*What is expected*.
Print the records below exactly, from the line containing "بَين الرَّكْعَة والركعتين" down to the line containing "A sticker with", both lines included, and omit every picture.

====== Excerpted data ======

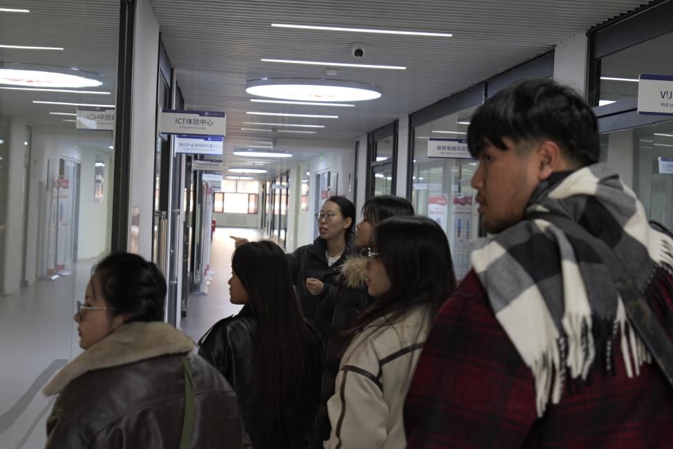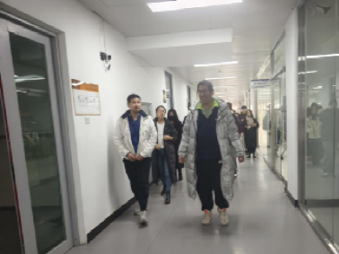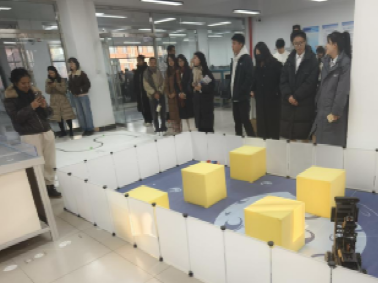 活动当天,学院以开放的姿态迎接泰国皇家理工大学的学生。在学院领导的陪同下,泰国学生首先参观了学院的人工智能实验室。在这里,教师精心准备了一系列展示,包括城市智慧沙盘和月球小车等前沿科技设备。并在参观过程中,利用同步翻译设备为泰国学生详细解说技术原理和应用。
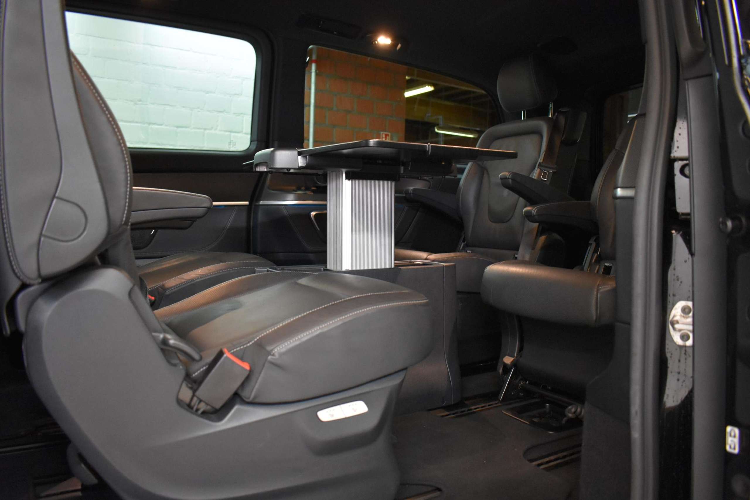 - 2 symmetrische neerklapbare verwijderbare zitplaatsen achterin in de vorm van captainszetels naar voren kijkend zonder elektrische verstellingen met een niet verwijderbaar opklapbaar kussen en een zitting die tot de tafel klapt kantel-/neerklapbaar, manue
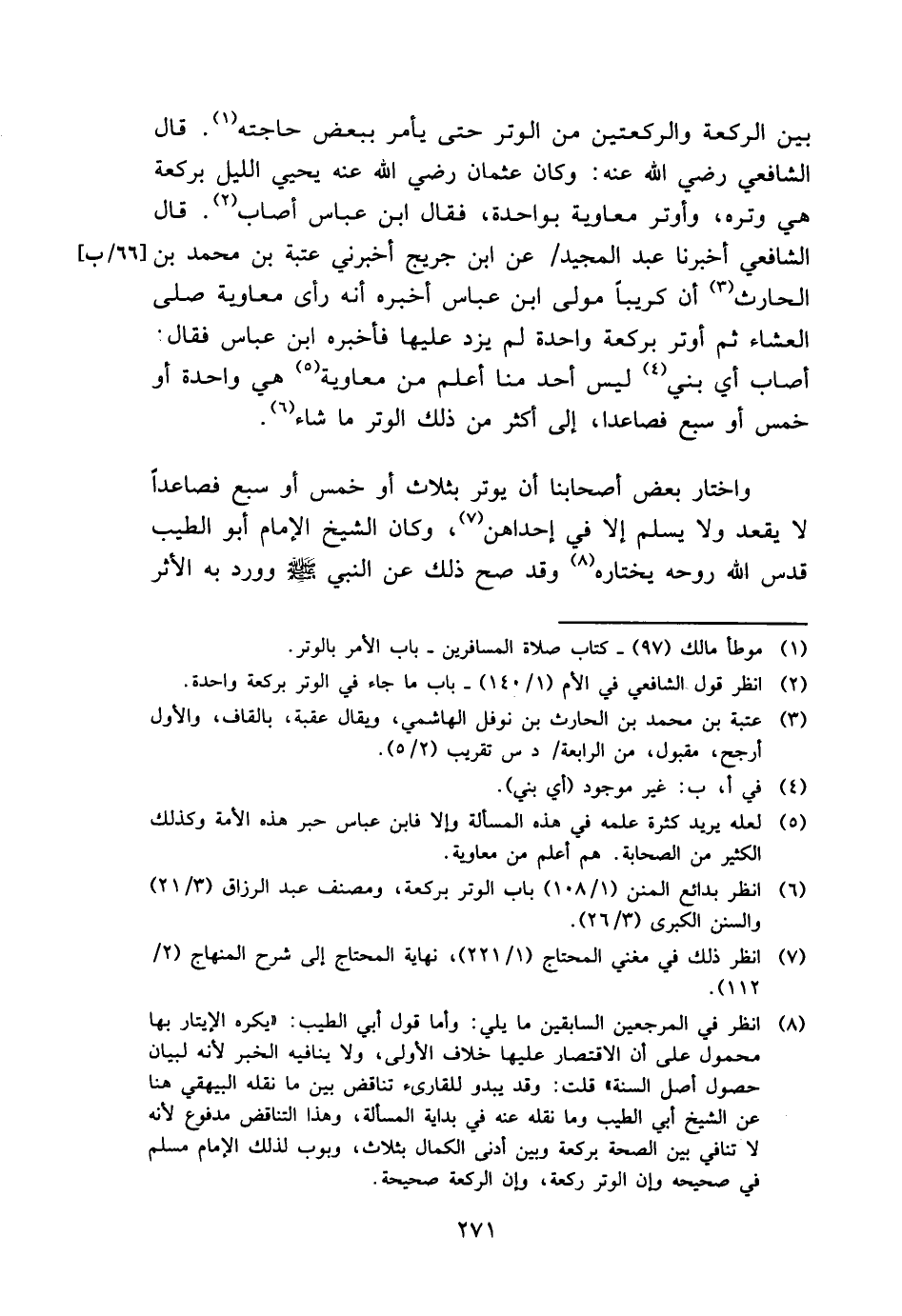 بَين الرَّكْعَة والركعتين من الْوتر حَتَّى يَأْمر بِبَعْض حَاجته. قَالَ الشَّافِعِي رَضِي الله عَنهُ: وَكَانَ عُثْمَان رَضِي الله عَنهُ يحيي اللَّيْل بِرَكْعَة هِيَ وتره، وأوتر مُعَاوِيَة بِوَاحِدَة، فَقَالَ ابْن عَبَّاس أصَاب. قَالَ الشَّافِعِي أخبرنَا عبد الْمجِيد / عَن ابْن جريج أَخْبرنِي عتبَة بن مُحَمَّد بن الْحَارِث أَن كريبا مولى ابْن عَبَّاس أخبرهُ أَنه رأى مُعَاوِيَة صلى الْعشَاء ثمَّ أوتر بِرَكْعَة وَاحِدَة لم يزدْ عَلَيْهَا فَأخْبرهُ ابْن عَبَّاس فَقَالَ: أصَاب أَي بني لَيْسَ أحد منا أعلم من مُعَاوِيَة هِيَ وَاحِدَة أَو خمس أَو سبع فَصَاعِدا، إِلَى أَكثر من ذَلِك الْوتر مَا شَاءَ.
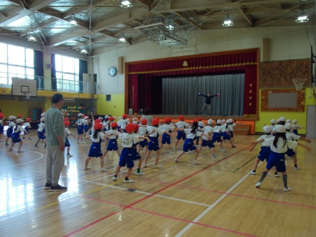 1年生の運動会練習の様子です。どのように踊るのか、担任のダンスを見て勉強しています。初めての運動会に向けて練習をがんばって欲しいです。
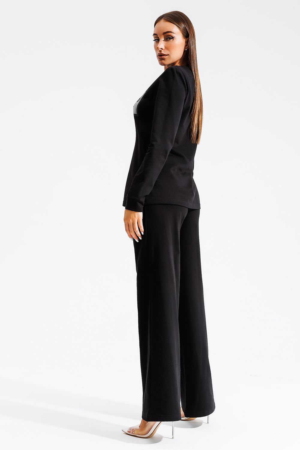 Костюм женский из футера 2 нитки, состоит из туники и брюк. Туника полуприлегающего силуэта, длиной до бедер, рукав втачной, длинный, с манжетой по низу. Горловина округлой формы с обтачкой. По переду нанесен дизайнерский принт. Брюки прямые, свободные, длинные. Притачной пояс на резинке, внутренние боковые карманы с наклонным входом.
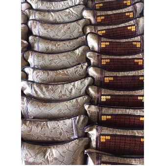 - Chất liệu: áo gối làm bằng vải lụa mát, phía trên có đính các hạt gỗ trúc.
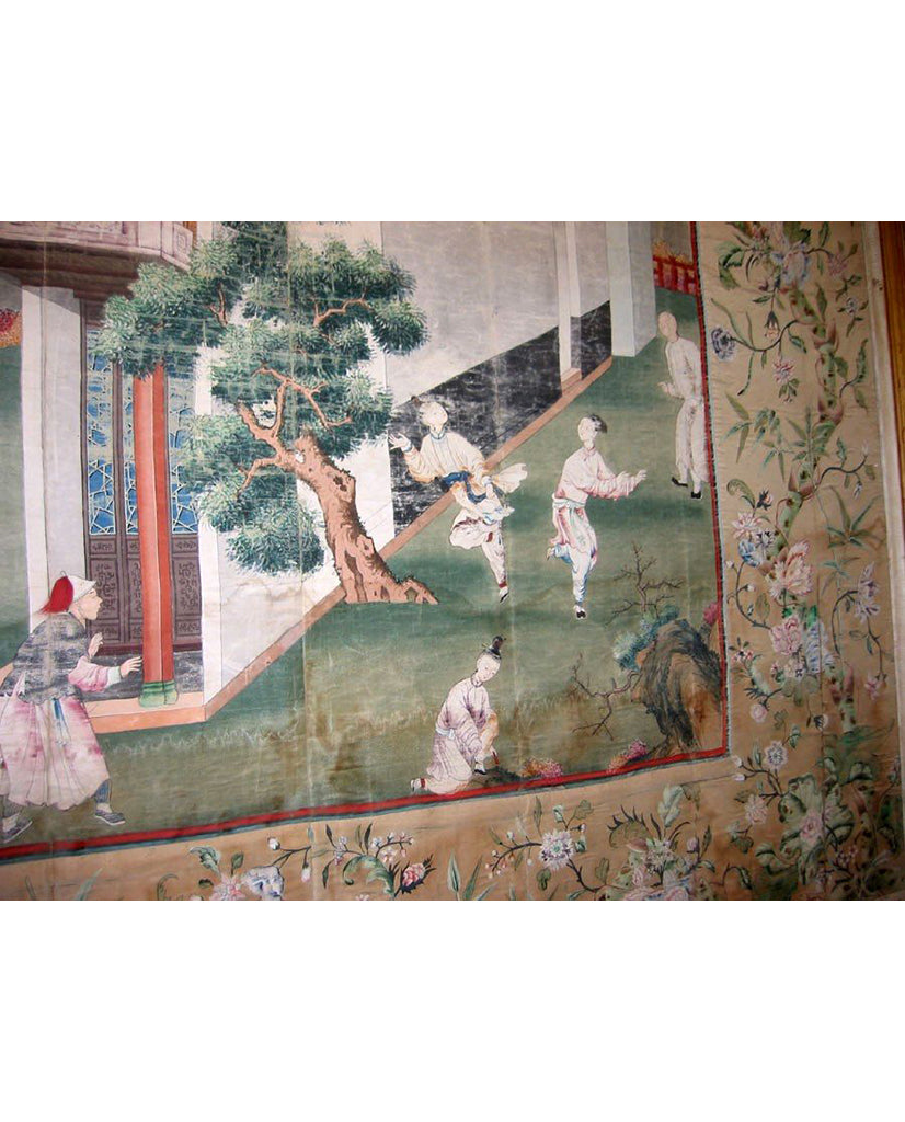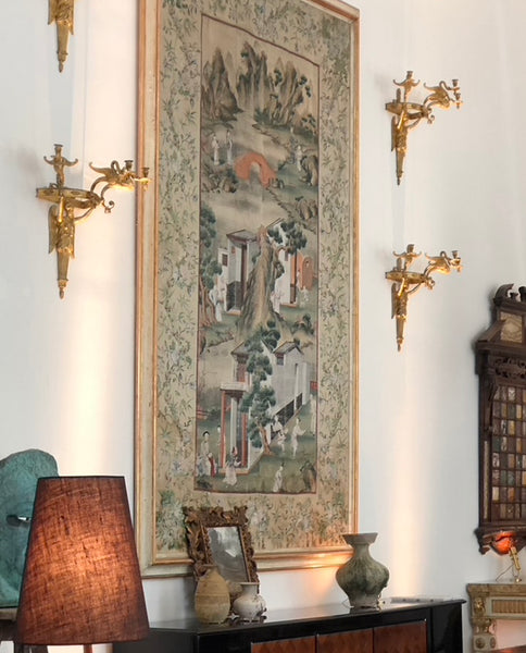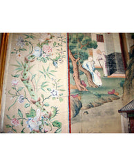 depicting figures in various domestic and leisure activities in classic rural pavilions set within landscape garden; framed with meandering flowering vine; now fitted to parcel gilt and volute painted frame
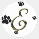 A sticker with a paw print monogram design. Designed by © KatiesKreations.
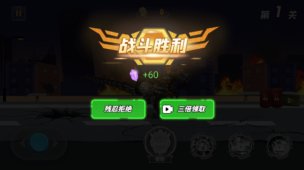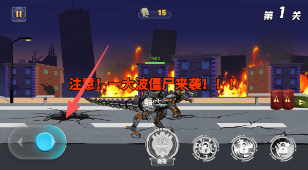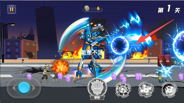 3、攒够能量就按变形键,机甲放出酷炫大招清场,瞬间让僵尸群体验什么叫高科技。
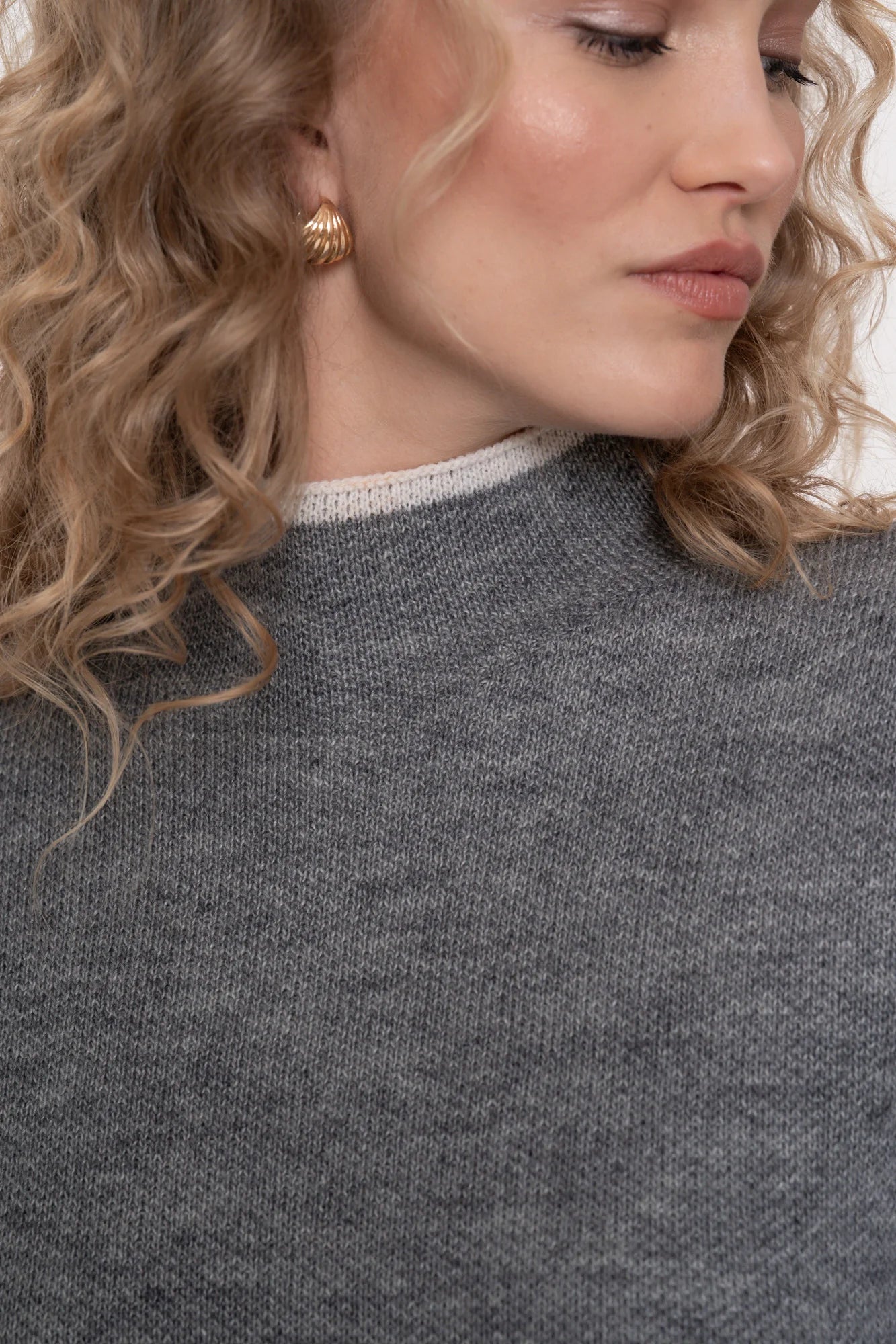 Geisha Damenstrickpullover in Grau mit Stehkragen und Kontrastdetails

======

*Output for this exercise*.
 بَين الرَّكْعَة والركعتين من الْوتر حَتَّى يَأْمر بِبَعْض حَاجته. قَالَ الشَّافِعِي رَضِي الله عَنهُ: وَكَانَ عُثْمَان رَضِي الله عَنهُ يحيي اللَّيْل بِرَكْعَة هِيَ وتره، وأوتر مُعَاوِيَة بِوَاحِدَة، فَقَالَ ابْن عَبَّاس أصَاب. قَالَ الشَّافِعِي أخبرنَا عبد الْمجِيد / عَن ابْن جريج أَخْبرنِي عتبَة بن مُحَمَّد بن الْحَارِث أَن كريبا مولى ابْن عَبَّاس أخبرهُ أَنه رأى مُعَاوِيَة صلى الْعشَاء ثمَّ أوتر بِرَكْعَة وَاحِدَة لم يزدْ عَلَيْهَا فَأخْبرهُ ابْن عَبَّاس فَقَالَ: أصَاب أَي بني لَيْسَ أحد منا أعلم من مُعَاوِيَة هِيَ وَاحِدَة أَو خمس أَو سبع فَصَاعِدا، إِلَى أَكثر من ذَلِك الْوتر مَا شَاءَ.
 1年生の運動会練習の様子です。どのように踊るのか、担任のダンスを見て勉強しています。初めての運動会に向けて練習をがんばって欲しいです。
 Костюм женский из футера 2 нитки, состоит из туники и брюк. Туника полуприлегающего силуэта, длиной до бедер, рукав втачной, длинный, с манжетой по низу. Горловина округлой формы с обтачкой. По переду нанесен дизайнерский принт. Брюки прямые, свободные, длинные. Притачной пояс на резинке, внутренние боковые карманы с наклонным входом.
 - Chất liệu: áo gối làm bằng vải lụa mát, phía trên có đính các hạt gỗ trúc.
 depicting figures in various domestic and leisure activities in classic rural pavilions set within landscape garden; framed with meandering flowering vine; now fitted to parcel gilt and volute painted frame
 A sticker with a paw print monogram design. Designed by © KatiesKreations.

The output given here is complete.